Information shown START

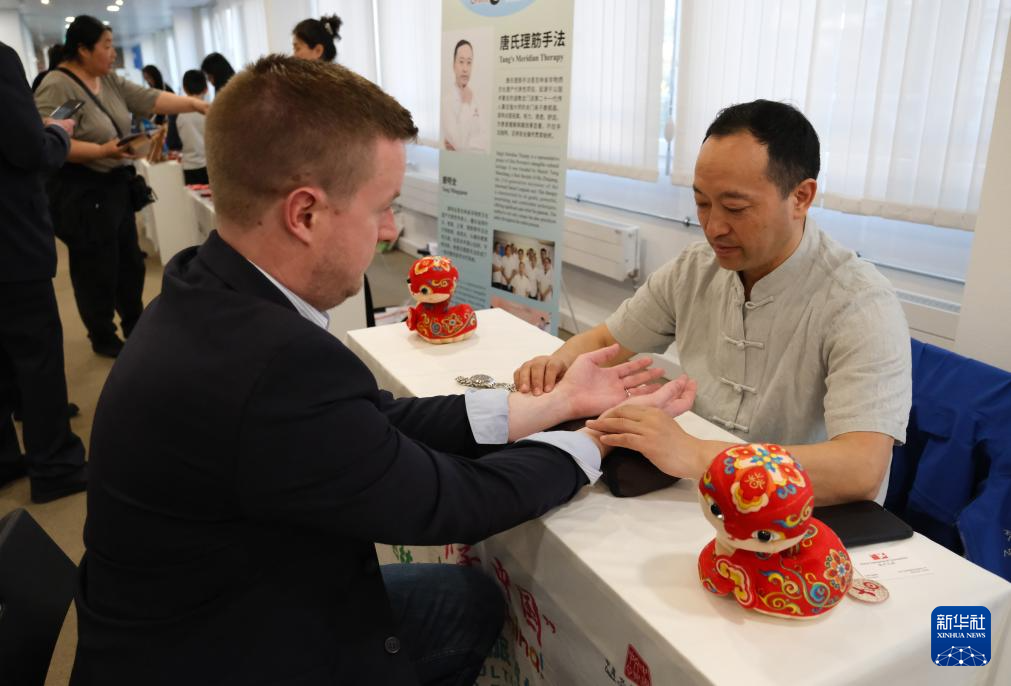4月4日,嘉賓在瑞士伯爾尼中國文化中心舉行的“你好!中國”吉林省文旅推介會上體驗中醫把脈。新華社記者馬汝軒攝
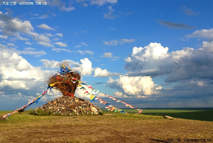 花了50元,收买了一个牧民大姐,开门让我们把车开到了山上,过了一把草地上开车撒欢的瘾,也见到了传说中的敖包。
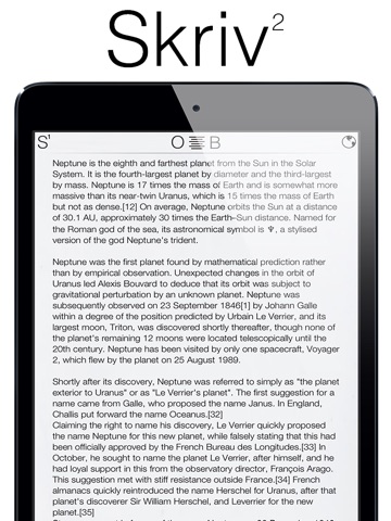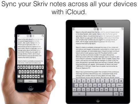 Skriv is a simple and intuitive word processing app packed with plenty of great features to help get your writing done. With iCloud, your notes are synced across all your devices. With its built in web browser, you can instantly search the web for information regarding your assignment or note. When you are all done you can instantly share your document either as an email, an attachment, by uploading it to Dropbox, Box or Evernote, sending it as a text, printing it via air print or just sharing it with your friends. Check out some of detailed features below!
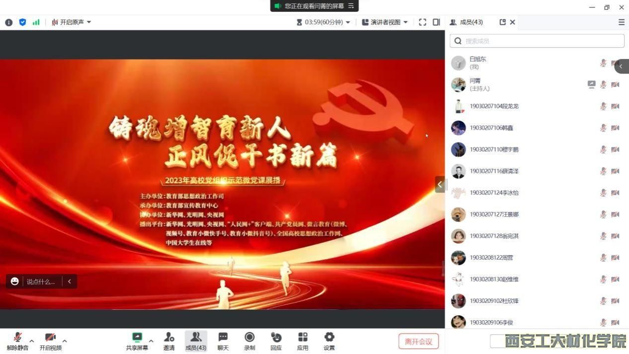 学生第三党支部线上开展“铸魂增智育新人,正风促干书新篇”理论学习会。支部书记段强及全体党员参加会议。

Information shown END

What you will do
Reproduce exactly the lines from the beginning of the material down to the line containing "花了50元,收买了一个牧民大", both ends included, but not the pictures or anything after.

Result below
4月4日,嘉賓在瑞士伯爾尼中國文化中心舉行的“你好!中國”吉林省文旅推介會上體驗中醫把脈。新華社記者馬汝軒攝
 花了50元,收买了一个牧民大姐,开门让我们把车开到了山上,过了一把草地上开车撒欢的瘾,也见到了传说中的敖包。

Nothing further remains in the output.